As always, the gscacclient shows you first the equivalent one-line API URL:


Processing file query:

http://facility.unavco.org/gsacws/gsacapi/file/search?site.code=Palm&limit=15&output=file.url


If you use "output" of "file.wget" (using the the gsac client, the web page UI, or the API)


gsacclient.sh -file site.code Palm -limit 15 output file.wget


the result returned is one or more lines such as


wget ftp://data-out.unavco.org/pub/rinex/obs/2012/158/palm1580.12d.Z


which are wget commands to download a file with "wget" from the given server.

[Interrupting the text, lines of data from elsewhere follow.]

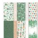
Bloom Where You're Planted 12" X 12" (30.5 X 30.5 Cm) Designer Series Paper
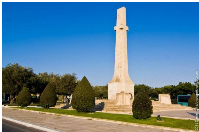
4: THE MONUMENT OF WAR
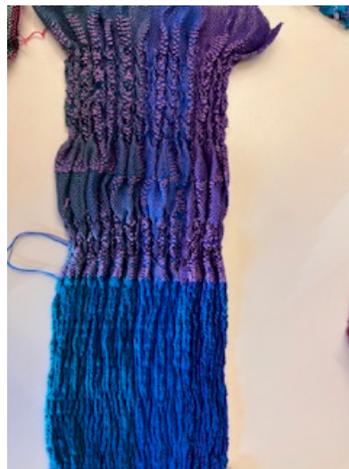
A sample that has been pulled
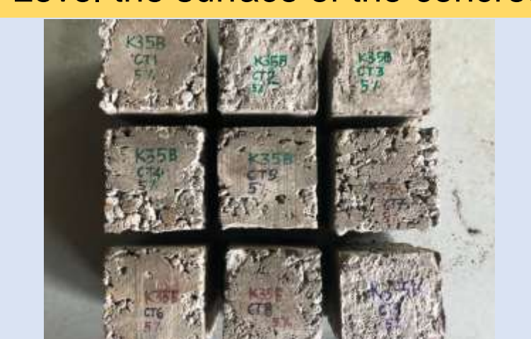
5. After 24 hours, open the mould.
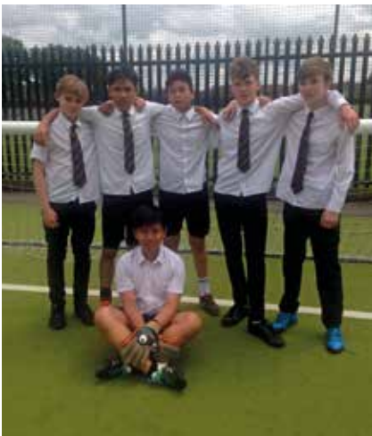
England & Hungary (Year 7)

After some competitive matches the finalist were as follows:
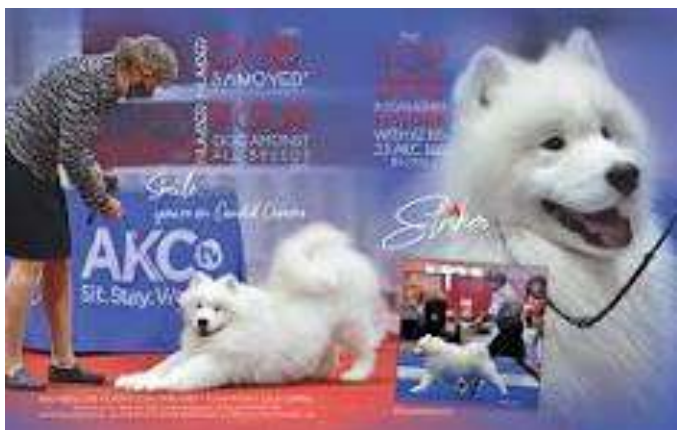
From Striker's official press kit...
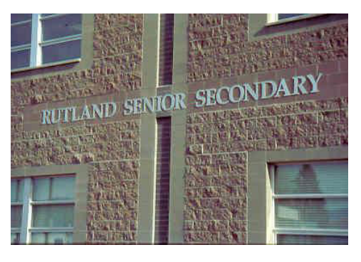
Combination of coloured splitface with natural smooth units framing the windows and half-high smooth in vertical recess.
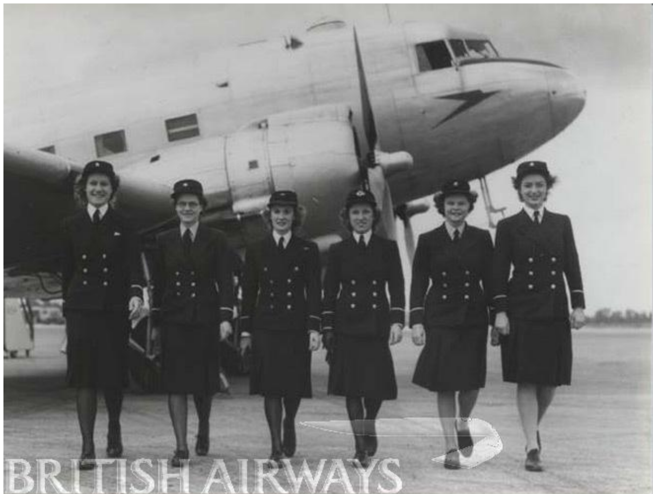
BOAC cabin crew in uniforms from the 1943-1946 period

BOAC's early baptism was operating scheduled services throughout the war years and indeed some aircraft and crews were moved between BOAC and the Royal Air Force, the crews changing uniforms in the process. The war provided its own challenges with nine aircraft being lost by bombing or being shot down. The route to Lisbon in neutral Portugal was flown throughout the war, where crews had the odd experience of seeing Luftwaffe crews in the bars and restaurants of the neutral city. Alas on one such flight back from Lisbon to the UK the DC-3 was shot down by a JU88 whilst crossing the Bay of Biscay and all the crew and passengers including the English film star Trevor Howard were lost.
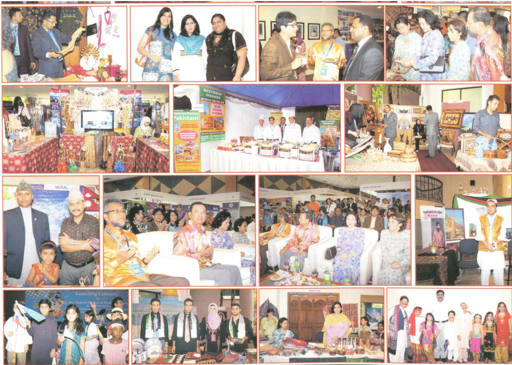
Weekly Pakistan Times Malaysia
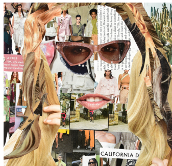
Fashion magazine collage Istituto Marangoni
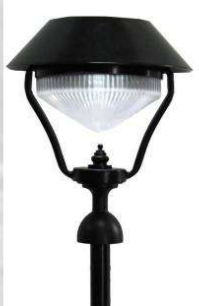
Model # 46205- 200PS
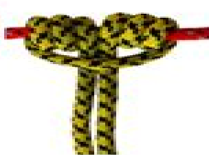
PRUSIK HITCH KNOT
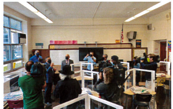
Mayor Gusciura touring TPS COVID-19 prep
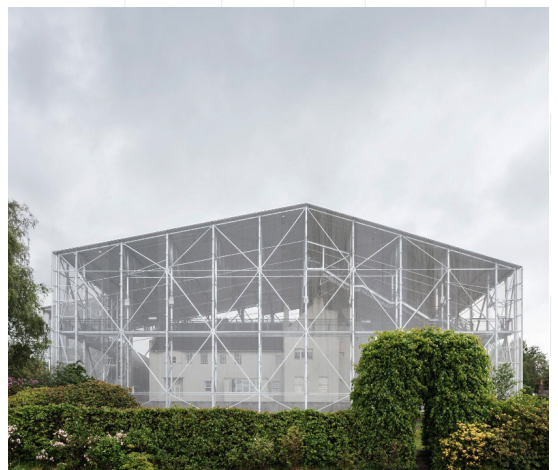
^ The Hill House
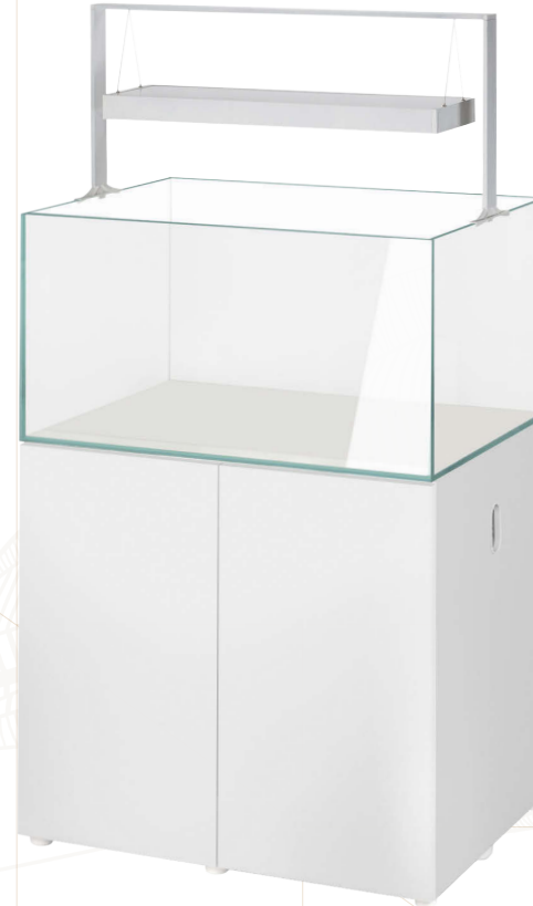
UltraScape 90 Set snow UltraScape 90 Cabinet snow
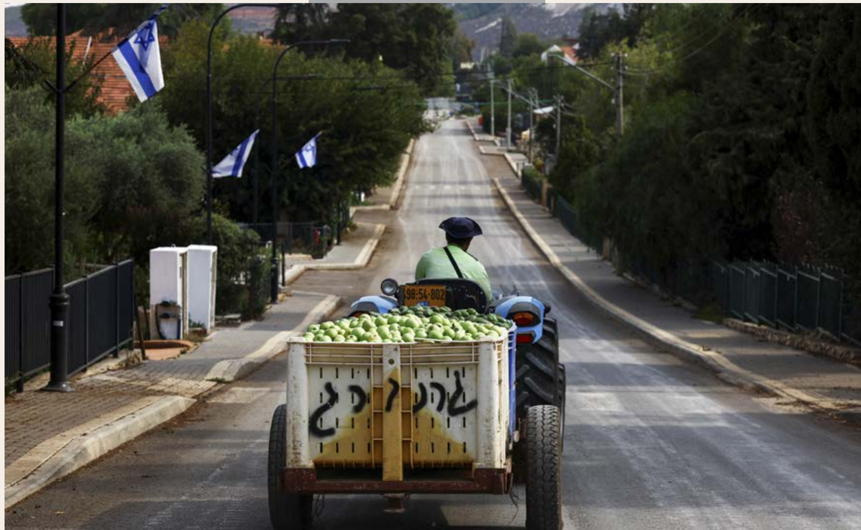
A FARMER transports apples along a road in Metula near Israel's border with Lebanon, in northern Israel, this week.
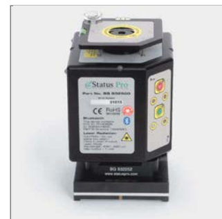
90° Adapter for T430 mounting (BG 832254) T430 Adapter for large L bracket Interface to BG 832254 (BG 832253)
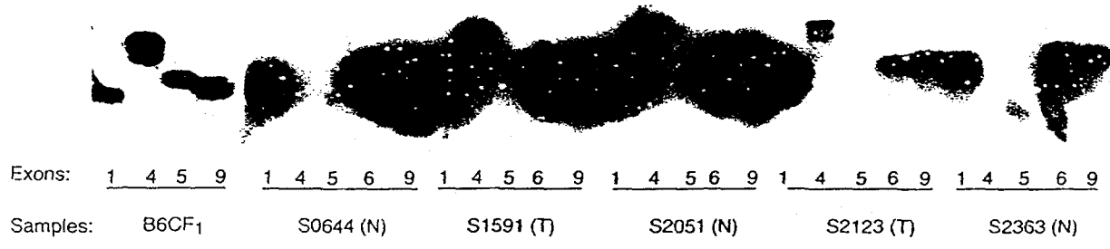
Figure 3. Zhang and Woloschak
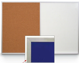
1/2" Wide Silver Trim Frame
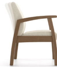
6401MR 30 lbs

Exceeds BIFMA Seating Durability Test to 350 lbs per seat CAL 133, add $115 List per seat
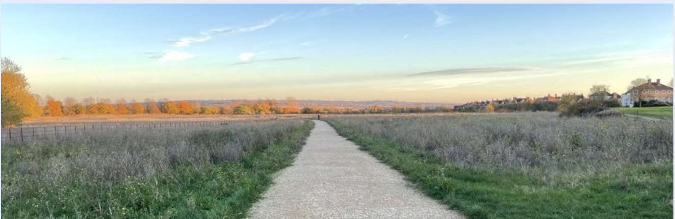
Photograph of the Deer Park

The Deer Park located to the south of New Hall, has established its part within Beaulieu and is a key part of the wider public open space enhancements. The paths have been designed to allow for local residents to walk, cycle and/or run through an area that is rich in biodiversity and heritage value. These paths extend around the edge of the Estate Parkland and through the Public Parkland.
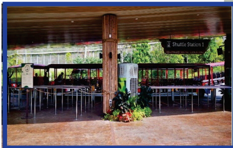
Tram shuttle station 电车穿梭站
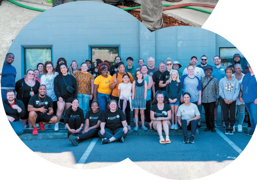
Top: Our team participates in Habitat for Humanity's home build project. Below: Harborstone sponsors Communities in Schools event.
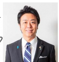
TAKASHIMA Soichiro Mayor of Fukuoka City

5.8 Using Linux with the GSAC Client

You can use gsac client calls as part of Linux commands, such as

gsacclient.sh -server http://facility.unavco.org/gsacws -site.code ADE* -output site.xmllog | grep receiverType

which lists the reciever types for sites beginning with ADE:

<gnssReceiver><equip:receiverType><![CDATA[ASHTECH Z-XII3]]></equip:receiverType>

<gnssReceiver><equip:receiverType><![CDATA[ASHTECH Z-XII3]]></equip:receiverType>

<gnssReceiver><equip:receiverType><![CDATA[TRIMBLE 5700]]></equip:receiverType>

You can write results in a new file ADE_receiver_list:

gsacclient.sh -server http://facility.unavco.org/gsacws -site.code ADE* -output site.xmllog | grep receiverType >> ADE_receiver_list

You can get the GSAC API (URL) for any query submitted through the GSAC client. The API URL is the first line returned from any query. See examples of GSAC client use in the section titled The GSAC Command Line Client.